Thursday, July 21, 2011

Access Newsletter Goes Electronic

The USGS Biological Informatics Program published its final print issue of the Access newsletter for Spring 2011 and created its first electronic edition, now emanating from USGS Core Science Systems. Starting this summer, Access will be exclusively electronic.  To subscribe to the new Access, send your e-mail address to ron_sepic@usgs.gov.

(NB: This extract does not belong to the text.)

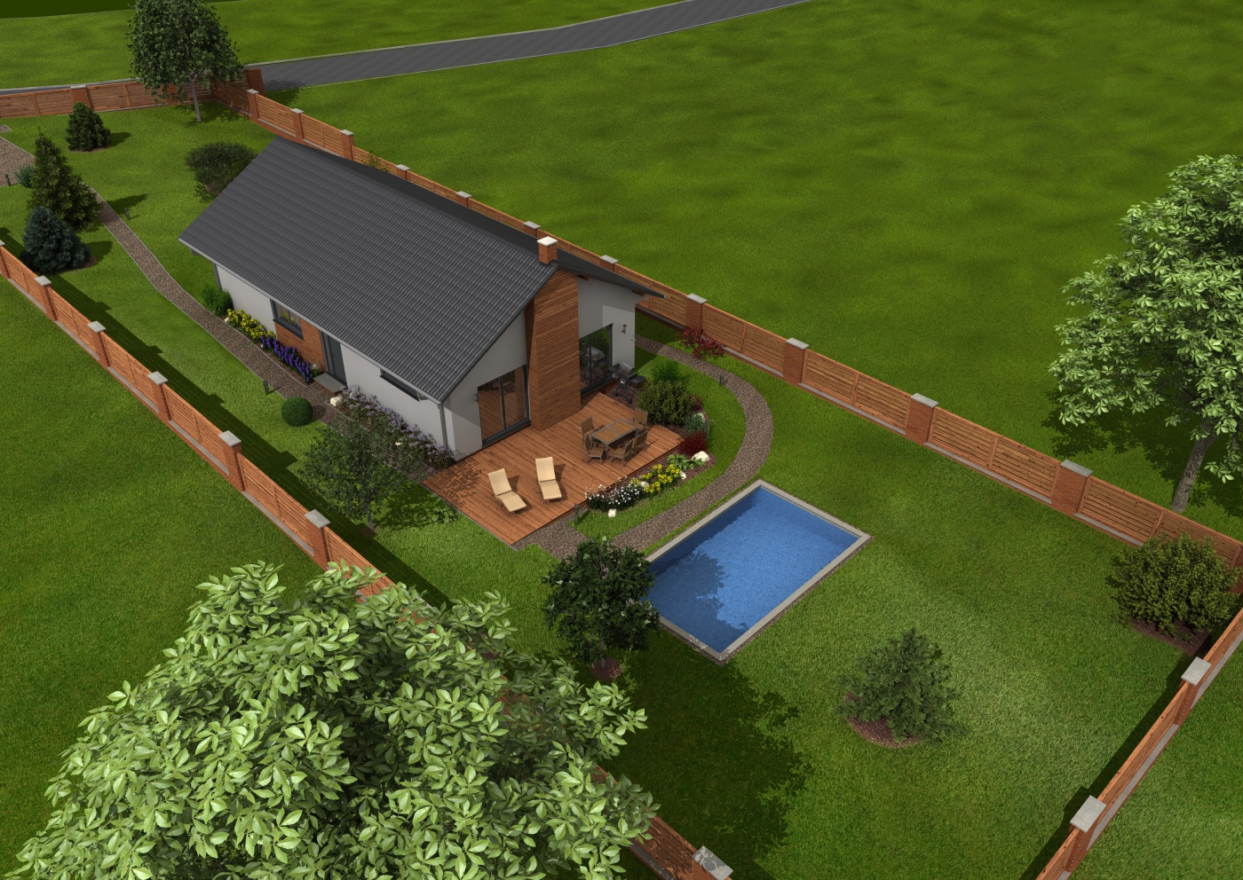 Pohodlná dřevostavba pro mladou rodinu s malými dětmi. Z obývací části domu je výhled do zahrady se vzrostlými jehličnatými stromy, za kterými vyčnívá hora Říp. Pýchou majitelky jsou velkolepé levandulové záhony, které lemují přístupovou cestu k domu a pýchou majitele je malé jezírko s rybami, k jejichž výlovu jsme každoročně přizvání :)

To see the new Access newsletter, go to www.usgs.gov/core_science_systems/access.  The online version contains the full-text for all of the Spring 2011 issue's articles.

Benefits of the new Access include: broader coverage (addresses data management issues for biology and many other disciplines); more in-depth articles; four-color graphics; issues to be searchable through the award-winning search engine, Raptor.  Access articles are now available through Facebook, Twitter, and via RSS feed; and have only a tiny carbon footprint. Don't miss an issue of the new Access newsletter!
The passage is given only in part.